#### Your objective:
Using the data that follows, give again word for word the lines between the one holding "2.每周挑战任务轻松领取宝箱" and the one holding "Картинка 3D.Аппликация для", inclusive. Omit the pictures.

#### Dataset entries:
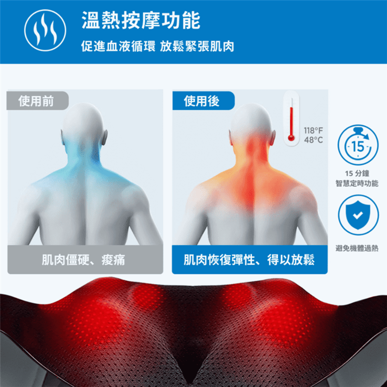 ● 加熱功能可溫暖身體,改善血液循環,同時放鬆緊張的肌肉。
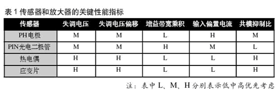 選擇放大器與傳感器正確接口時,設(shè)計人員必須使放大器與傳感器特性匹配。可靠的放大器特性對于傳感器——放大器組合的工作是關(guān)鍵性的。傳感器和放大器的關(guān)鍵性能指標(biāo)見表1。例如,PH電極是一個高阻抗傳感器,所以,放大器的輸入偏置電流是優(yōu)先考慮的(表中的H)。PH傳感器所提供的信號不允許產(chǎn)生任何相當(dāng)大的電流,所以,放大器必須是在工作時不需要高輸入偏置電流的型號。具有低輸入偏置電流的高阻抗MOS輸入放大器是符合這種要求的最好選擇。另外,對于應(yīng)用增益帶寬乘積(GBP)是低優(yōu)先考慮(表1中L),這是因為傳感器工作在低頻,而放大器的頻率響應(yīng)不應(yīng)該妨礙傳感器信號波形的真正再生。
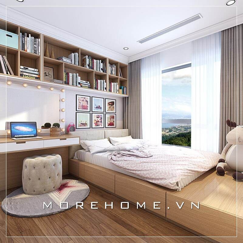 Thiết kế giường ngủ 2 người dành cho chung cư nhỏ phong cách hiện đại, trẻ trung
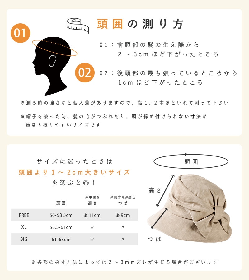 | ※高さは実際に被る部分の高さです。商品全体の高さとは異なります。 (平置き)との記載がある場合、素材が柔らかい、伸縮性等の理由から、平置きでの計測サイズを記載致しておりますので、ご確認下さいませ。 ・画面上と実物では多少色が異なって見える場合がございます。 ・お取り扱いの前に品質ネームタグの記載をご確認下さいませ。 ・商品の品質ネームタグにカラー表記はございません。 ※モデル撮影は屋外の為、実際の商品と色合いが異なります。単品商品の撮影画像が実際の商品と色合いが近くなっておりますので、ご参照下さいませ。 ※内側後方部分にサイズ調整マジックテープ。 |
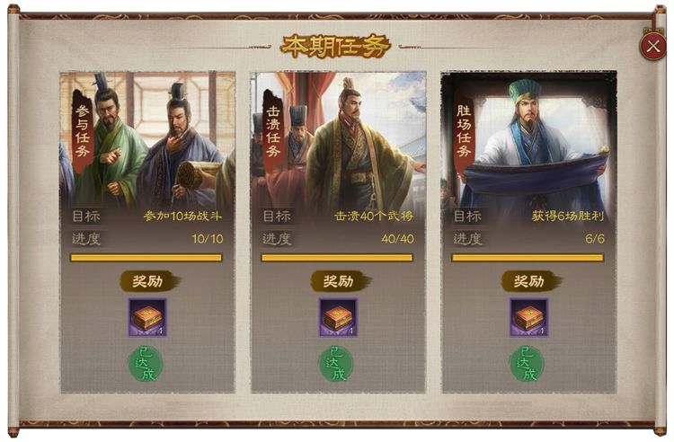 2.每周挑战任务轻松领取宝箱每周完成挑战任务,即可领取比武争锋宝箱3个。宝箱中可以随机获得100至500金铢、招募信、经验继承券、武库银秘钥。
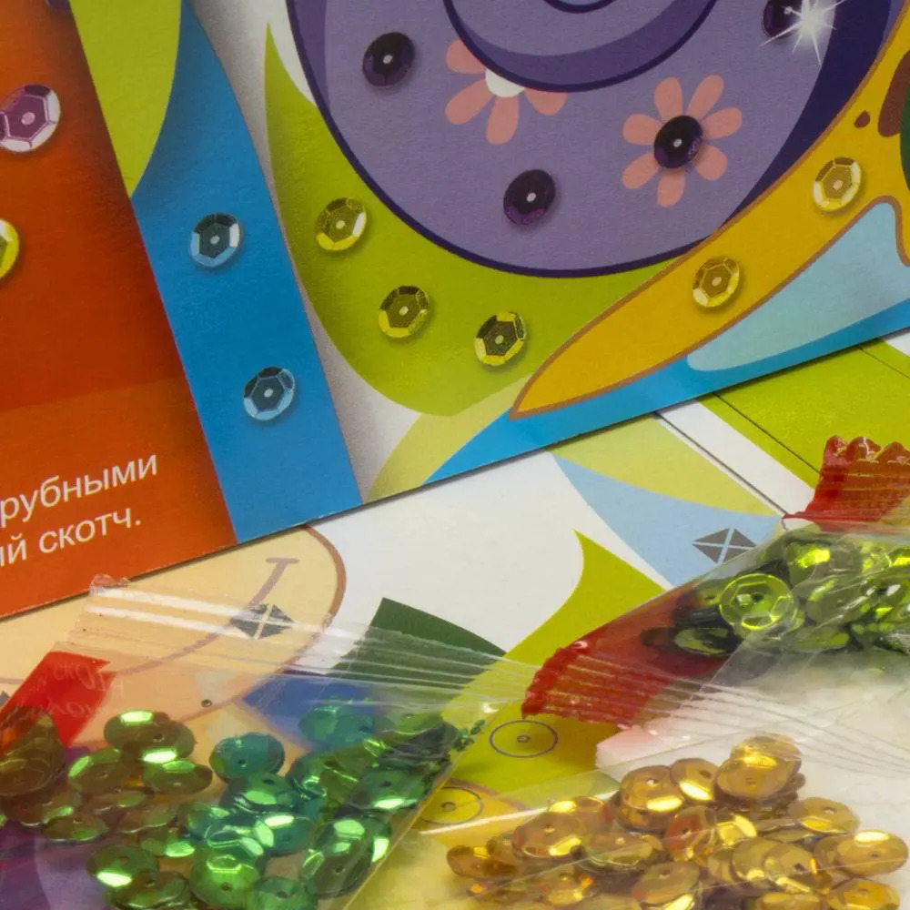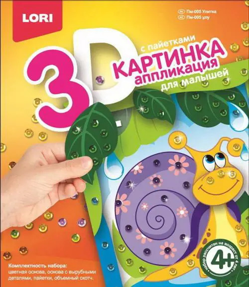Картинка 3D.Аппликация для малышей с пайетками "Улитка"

* * *

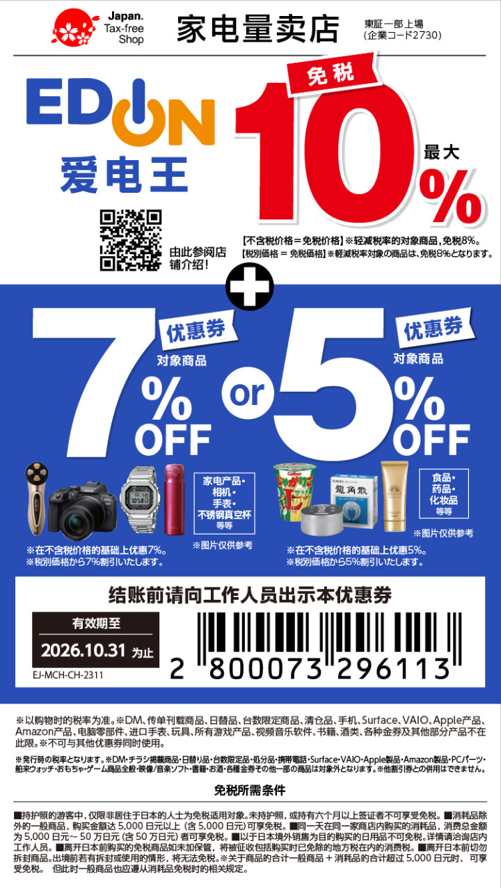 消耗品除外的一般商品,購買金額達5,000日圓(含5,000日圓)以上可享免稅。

...

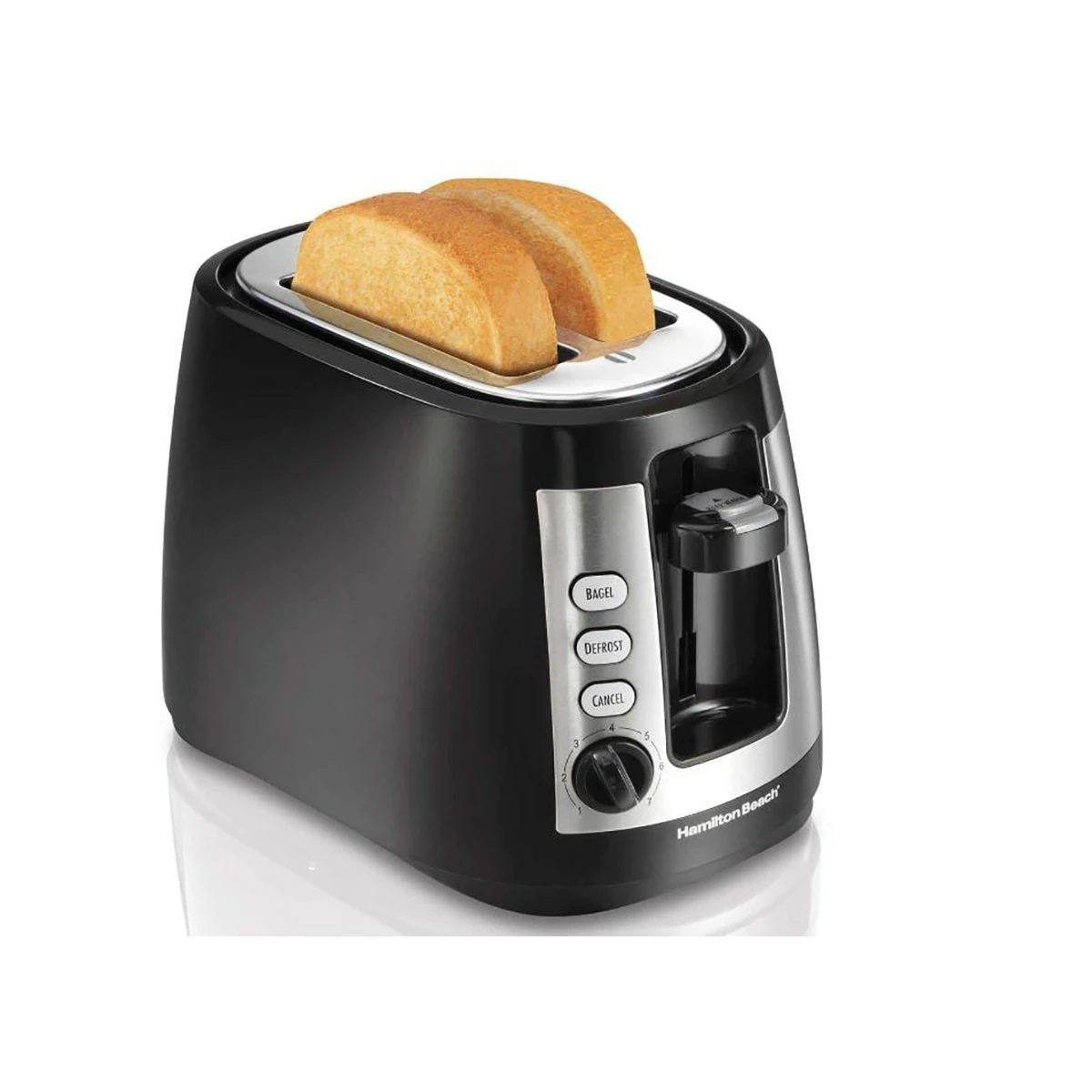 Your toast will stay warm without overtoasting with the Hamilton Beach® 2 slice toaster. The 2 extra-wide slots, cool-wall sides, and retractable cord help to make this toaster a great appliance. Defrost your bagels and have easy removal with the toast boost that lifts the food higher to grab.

#### Written solution:
 2.每周挑战任务轻松领取宝箱每周完成挑战任务,即可领取比武争锋宝箱3个。宝箱中可以随机获得100至500金铢、招募信、经验继承券、武库银秘钥。
Картинка 3D.Аппликация для малышей с пайетками "Улитка"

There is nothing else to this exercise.